(Stored entries)
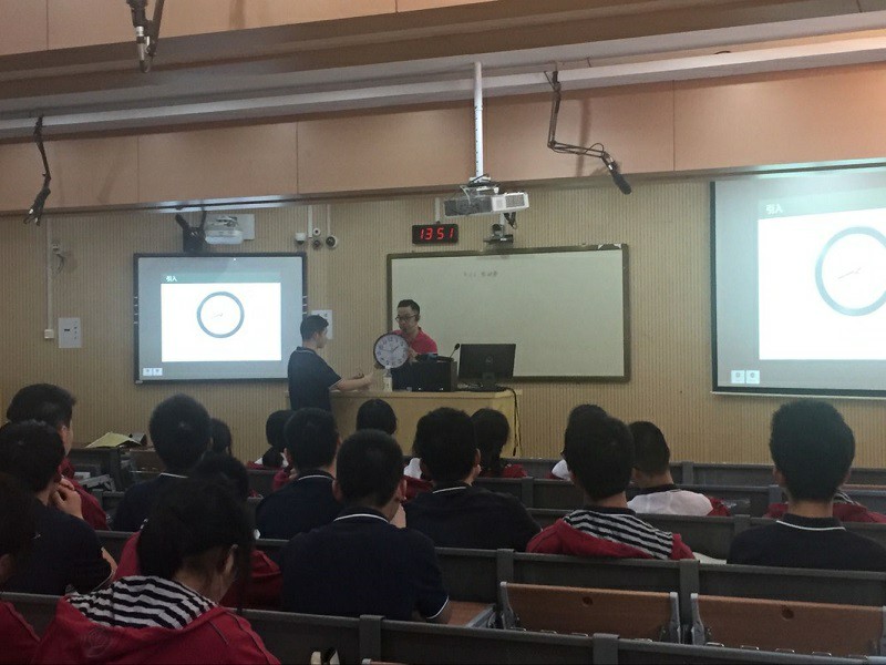活动的第一阶段徐文晖老师展示了一节《电动势》公开课,将电动势这一抽象的概念和抽水机进行类比,最后让学生总结归纳得出电动势的定义,让学生在理解的基础上建构了新的概念。课后教研员杨震云老师对本节课给予了高度的评价,也提出了在部分环节可以融入一些科学方法的教学。
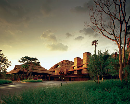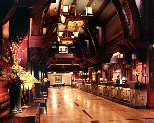 1、“迪斯尼動物王國旅館”前廳 丹佛建筑師彼得·多米尼克的非凡的性格和他對這座城市的中心地區重新開發的影響,將永久不會讓人們忘記。但他的遺產還包括他為迪斯尼公司設計的三個風格獨特的酒店——它們是在佛羅里達州奧蘭多的“原野風情旅店”(Wilderness Lodge)和“動物王國旅店”(Animal Kingdom Lodge),以及加利福尼亞州阿納海姆市的“迪斯尼加州大酒店”(Grand Californian Hotel)。
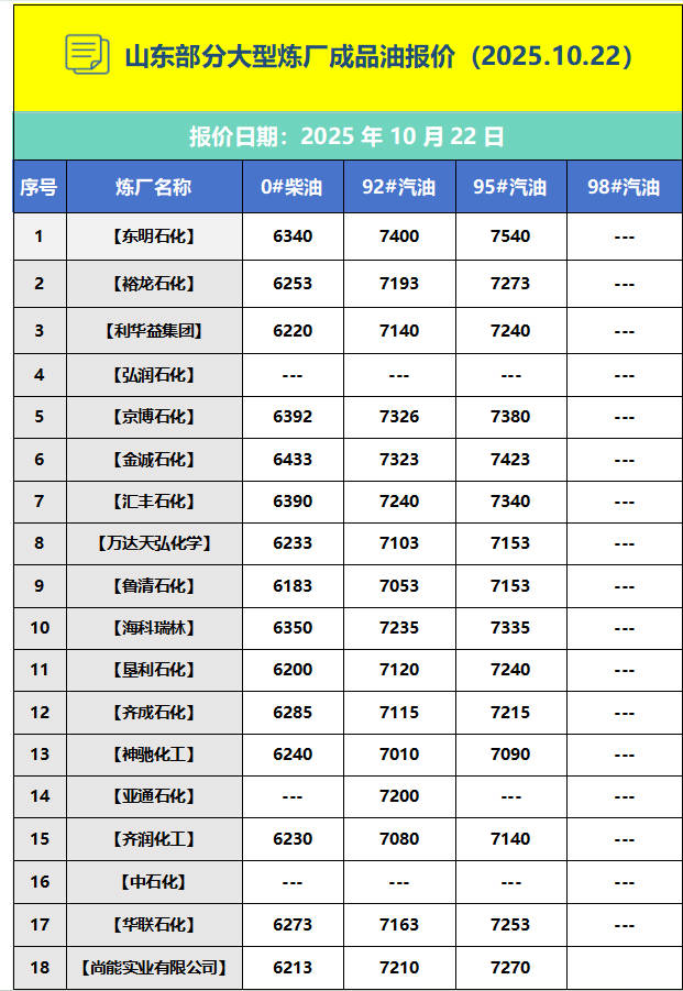 下一篇: 山东部分大型炼厂成品油报价(2025.10.21)
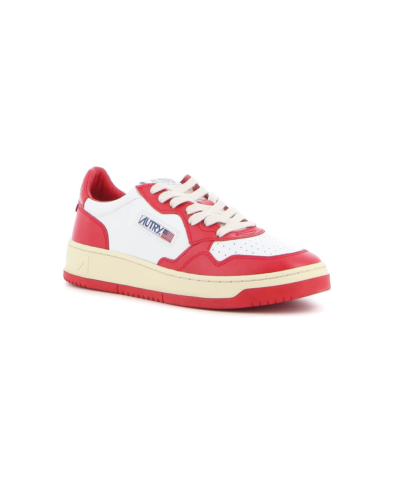 Autry Sneaker in white and red leather, rubber sole, logo detail.
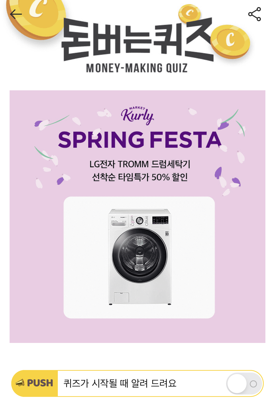 캐시워크 돈버는 퀴즈 정답 마켓컬리 타임 어택 LG전자 TROMM 드럼세탁기 할인율 숫자
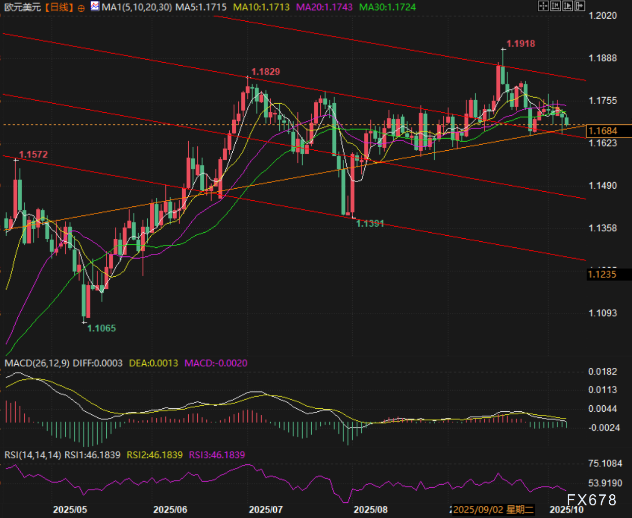 周二(10月7日)亚欧时段欧元兑美元继续走弱,目前跌0.25%,交投于1.1677附近,市场深陷高度疑虑氛围,昨日公布的经济数据没有明显好转,欧盟地缘政治局势持续承压,其中法国政局动荡始终是核心关切议题。

- _What is required_
Your task is to reproduce exactly the lines running from the line that contains "캐시워크 돈버는 퀴즈" to the end of the records, pictures excluded.

- _Written response_
 캐시워크 돈버는 퀴즈 정답 마켓컬리 타임 어택 LG전자 TROMM 드럼세탁기 할인율 숫자
 周二(10月7日)亚欧时段欧元兑美元继续走弱,目前跌0.25%,交投于1.1677附近,市场深陷高度疑虑氛围,昨日公布的经济数据没有明显好转,欧盟地缘政治局势持续承压,其中法国政局动荡始终是核心关切议题。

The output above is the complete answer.